Les mesures de soutien annoncées par le Premier ministre "sont conditionnées à une baisse de chiffre d'affaires d'au moins 50%", a regretté l'organisation patronale...

Les aides annoncées ne couvriront pas l'ensemble des pertes... Alors que les nouvelles règles sanitaires imposent la fermeture totale ou partielle de cafés, restaurants ou salles de sport, les mesures d'aides annoncées jeudi soir par Jean Castex sont "insuffisantes", a estimé ce vendredi la Confédération des petites et moyennes entreprises (CPME).

"Des mesures de soutien ont d'ores et déjà été annoncées par le Premier ministre portant, en particulier, sur le chômage partiel, le renforcement du fonds de solidarité et sur des exonérations de charges sociales.
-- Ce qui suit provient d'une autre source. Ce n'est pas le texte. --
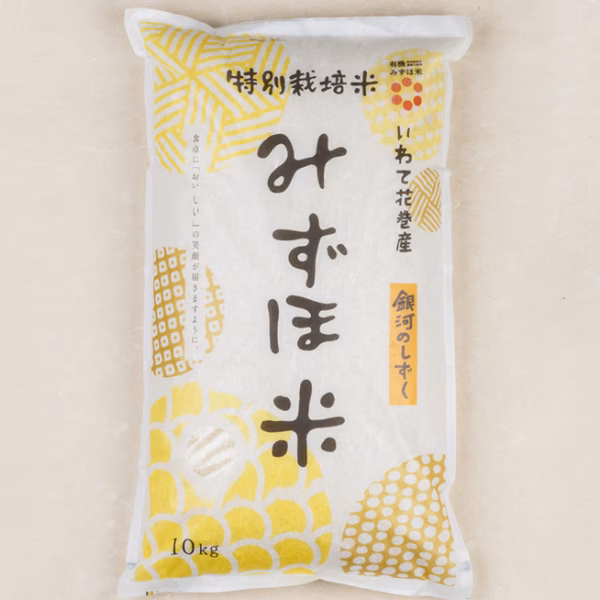 有機みずほ米:無農薬・無化学肥料で栽培しました。弊社で栽培した”銀河のしずく”で、基準に達した選りすぐり”有機みずほ米”をお届けします。和紙調包装で贈答品にも対応出来ます。
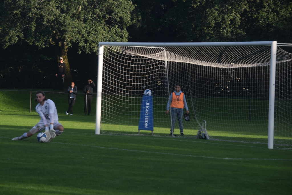 Mattias Jansson klarar Eliyo Türkan skott. Det blir retur men Mattias är snabbt uppe och lägger beslag på bollen
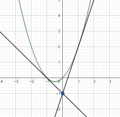 Det finns olika metoder för att hitta de två tangenterna som går genom punkten A(0,-1).
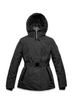 Made from premium 3-Ply Micro Denier fabric and insulated with Canadian Origin White Duck Down, this jacket offers exceptional warmth. The non-removable down-filled hood, removable belt, and telescopic inner sleeve lining provide both style and versatility. With Embrace membrane lamination and seam-sealed construction, it is windproof, waterproof, and breathable. Designed to withstand the elements while maintaining a tailored fit.
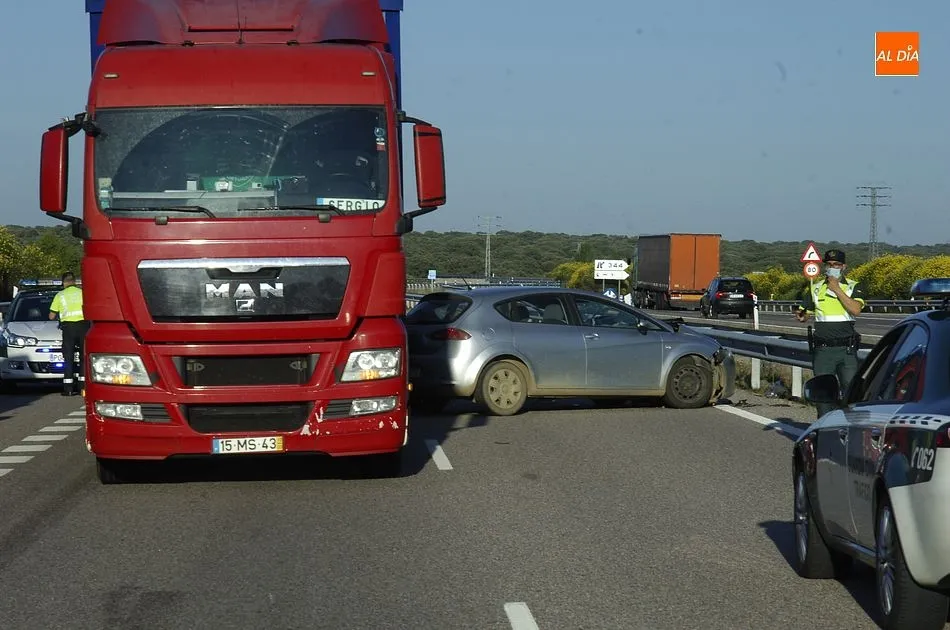 Tres personas resultaron heridas a primera hora de la mañana del jueves en un accidente de tráfico registrado en la Autovía A-62 en dirección a Salamanca. El suceso tuvo lugar concretamente a las 7.29 horas en el kilómetro 344 de la Autovía, a la altura del término municipal de Espeja, cuando a la salida de Gallegos de Argañán colisionaron dos turismos con un camión.
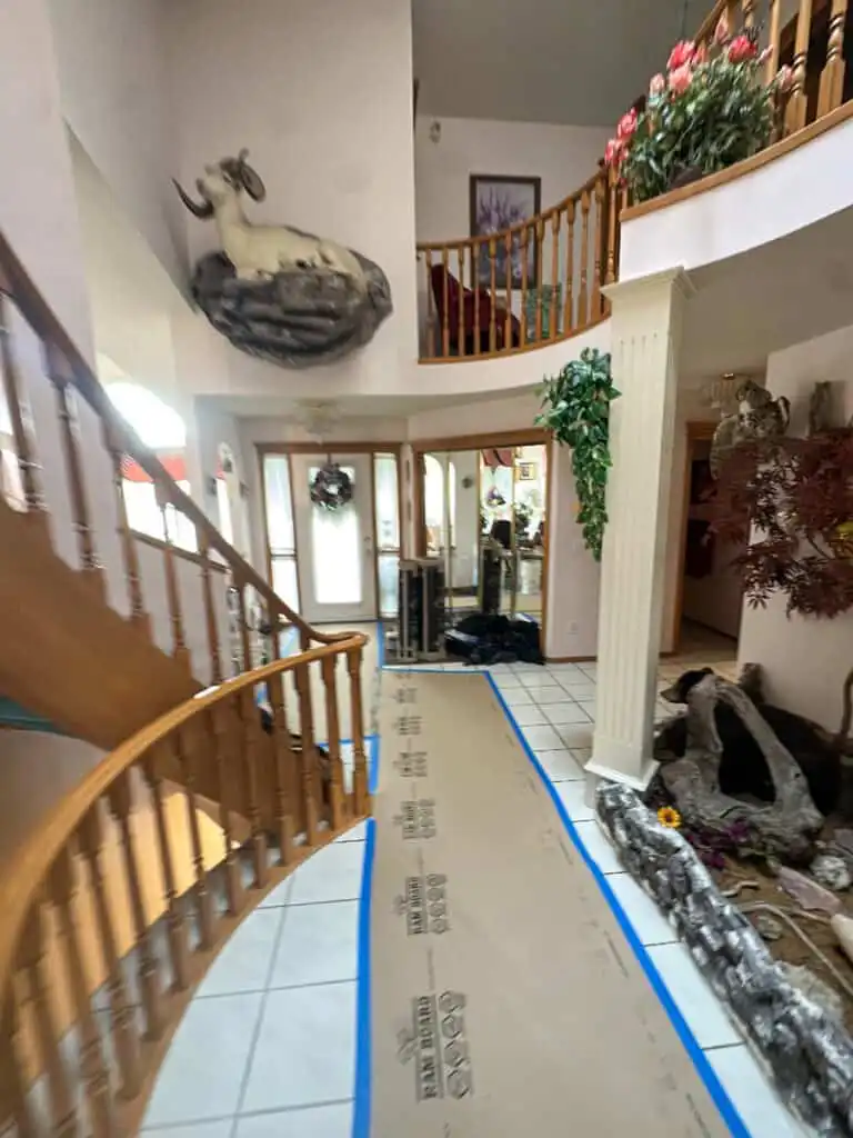The Urban Piping team arrived on September 20th and began with comprehensive site preparation. High-impact Ram Board protected all tile and hardwood surfaces, while professional-grade carpet liner covered every traffic area. Light plastic sheeting draped over furniture in work zones, and the team assisted with moving furniture to ensure complete access to all areas requiring attention. Given the scope of work, Wynn was asked to vacate the home for the first three days while the most intensive phases were completed.
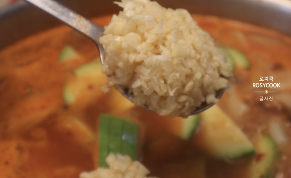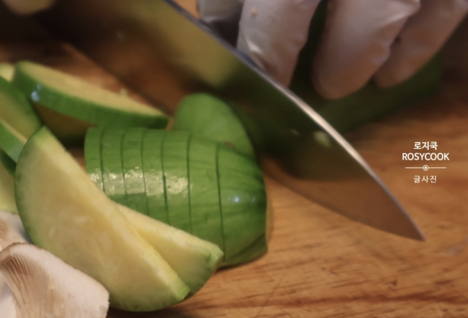 7. 마지막에 애호박과 마늘, 대파 순서로 넣고 한소끔 더 끓이면 끝!
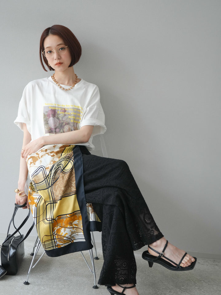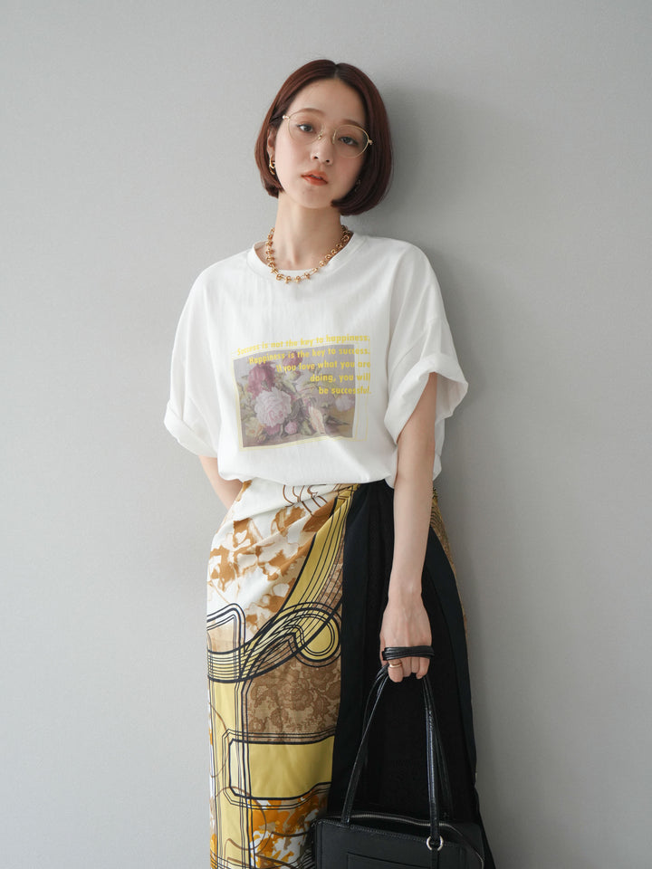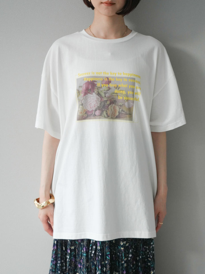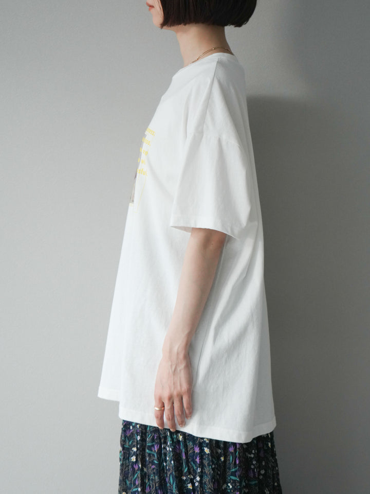 [予約]フラワーアート×ロゴプリントビッグTシャツ/オフ1

Mais celles-ci sont conditionnées à une baisse de chiffre d'affaires d'au moins 50%", a regretté l'organisation patronale.

"Ces aides sont clairement insuffisantes", a-t-elle ainsi jugé, rappelant que l'enjeu est "celui de la survie de très nombreuses entreprises confrontées à des difficultés sans précédent et dans l'impossibilité de prévoir l'avenir de leur activité à court et moyen terme".

Retrait des mesures de restriction exigé

Mercredi, Olivier Véran avait pour rappel annoncé la fermeture pure et simple des bars et restaurants dès samedi dans la métropole d'Aix-Marseille et en Guadeloupe, et la fermeture des bars à partir de 22 heures dans une dizaine de grandes villes dont Paris à partir de lundi, afin de lutter contre une reprise de l'épidémie de Covid-19.

Ce vendredi, la préfecture de police a confirmé, dans un message transmis aux maires d'arrondissement, que les bars devront bien fermer à 22h dans la capitale. Les restaurants, qui ne servent "pas d'alcool sans nourriture", ne seront pas concernés par cette restriction anti-Covid.

Le secteur français de l'hôtellerie-restauration avait haussé le ton jeudi, en exigeant le retrait immédiat des nouvelles mesures de restriction visant les bars et restaurants. "La profession demande le retrait immédiat de ces décisions. Les organisations professionnelles défendront l'intérêt du secteur devant les tribunaux si besoin", ont ainsi déclaré quatre groupements interprofessionnels, dont l'UMIH (Union des métiers des industries de l'hôtellerie).

Appel au dialogue

"Au-delà des enjeux économiques et sociaux", la CPME a estime que "le dialogue" devait prévaloir pour "faire face à la désespérance de nombreux indépendants qui se retrouvent acculés". "Sans remettre en cause la politique sanitaire, il est maintenant impératif que les éventuels 'tours de vis' visant à éviter la propagation du virus, soient précédés de véritables échanges", a-t-elle insisté.

Dans un communiqué commun, la Fédération Nationale des Boissons, Brasseurs de France et la Fédération Française des Spiritueux ont dit également regretter "une décision prise sans concertation", dénonçant dans le même temps "une mesure stigmatisante" qui risque de "dégrader encore la situation économique de nos entreprises, des cafés et des restaurants".

Elisabeth Borne, ministre du Travail, de l'Emploi et de l'Insertion, a quant à elle parlé d'une décision "difficile mais indispensable" et a promis un renforcement de l'aide. "Il faut agir maintenant pour éviter de se retrouver dans la situation du mois de mars", a-t-elle déclaré sur CNews, soulignant que Marseille était à "cinq fois le taux d'alerte".